My general response to questions like this when it comes to PostgreSQL is "if you think there's a chance it works, it probably does", and it turns out that applies in this case as well.

For things like UNIQUE keys and CHECK constraints it's fairly trivial, but there are also things like EXCLUSION constraints where there are some special constructs that need to be considered.

Other than the technical side of things, it's of course also a question of "should we do this". The more constraints that are added to the JSON data, the less "schemaless" it is. On the other hand, other databases that have schemaless/dynamic schema as their main selling points, but still require per-key indexes and constraints (unlike PostgreSQL where JSONB is actually schemaless even when indexed).

Anyway, back on topic. Keys and constraints on JSON data.

In PostgreSQL, keys and constraints can be defined on both regular columns and directly on any expression, as long as that expression is immutable (meaning that the output is only ever dependent on the input, and not on any outside state). And this functionality works very well with JSONB as well.

So let's start with a standard JSONB table:

postgres=# CREATE TABLE jsontable (j jsonb NOT NULL);

postgres=# CREATE INDEX j_idx ON jsontable USING gin(j jsonb_path_ops);

Of course, declaring a table like this is very seldom a good idea in reality - a single table with just a JSONB field. You probably know more about your data than that, so there will be other fields in the table than just the JSONB field. But this table will suffice for our example.

A standard gin index using jsonb_path_ops is how we get fully schemaless indexing in jsonb with maximum performance.
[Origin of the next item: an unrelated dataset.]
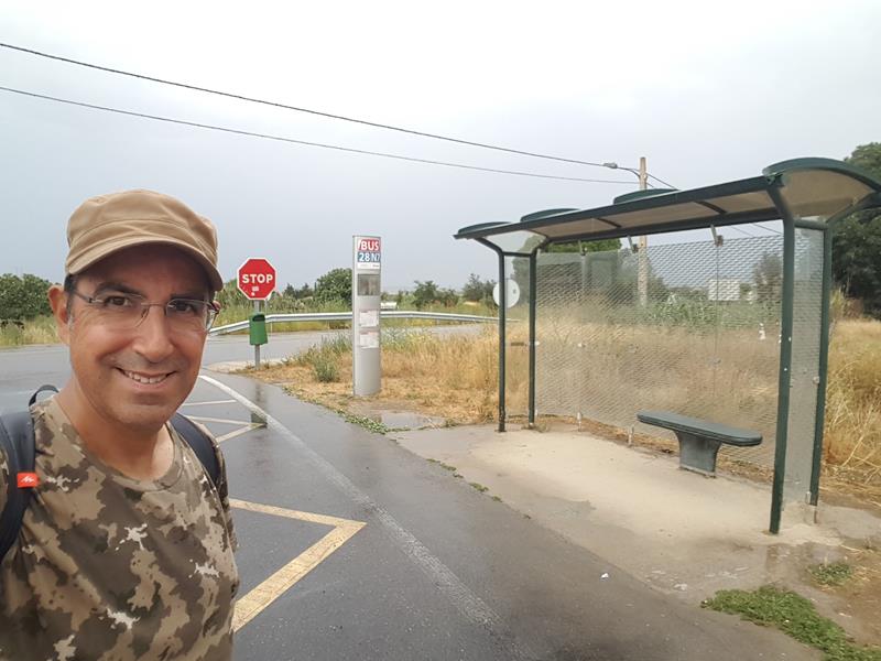 A las 19:55 horas ya estoy en la parada esperando el autobús. Sale a las 20 horas. Hay junto a la parada una caseta prefabricada que sirve para alivio de los conductores. Descubro un avispero en una de sus paredes. Cuando llega el autobús se lo comento al chófer, que da el aviso.

We're not actually going to use this index in the examples below this time, but in real deployments it's likely one of the main reasons to use JSONB in the first place.

To illustrate the constraints, let's add some data representing some sort of bookings. Yes, this would be much better represented as relational, but for the sake of example we'll use JSON with a semi-fixed schema. We'll also use a uuid in the JSON data as some sort of key, as this is fairly common in these scenarios.

postgres=# INSERT INTO jsontable (j) VALUES ($${
  "uuid": "4e9cf085-09a5-4b4f-bc99-bde2d2d51f41",
  "start": "2015-03-08 10:00",
  "end": "2015-03-08 11:00",
  "title": "test"

The first thing we might want to consider in a scenario like this is the ability to make sure our uuid field is unique. uuid are supposed to be globally unique, but experience suggests that's not always the case, so we want a constraint to ensure we don't end up with duplicates. Doing this is really simple:

postgres=# CREATE UNIQUE INDEX j_uuid_idx ON jsontable(((j->>'uuid')::uuid));

This creates an index (backed by a unique btree index) on the extracted value of the uuid field. This index can be used both for key based lookup, and for enforcing the uniqueness of the key. the j->>'uuid' syntax extracts the value of the uuid key as a text string, and then we use the ::uuid syntax to cast it to the built-in uuid datatype.

It is also possible to create the constraint directly on the text value, but doing it based on the uuid datatype will me much more efficient since it's treated internally as a 128-bit integer value. This gives both a smaller index, and faster access as it doesn't have to consider things like locales.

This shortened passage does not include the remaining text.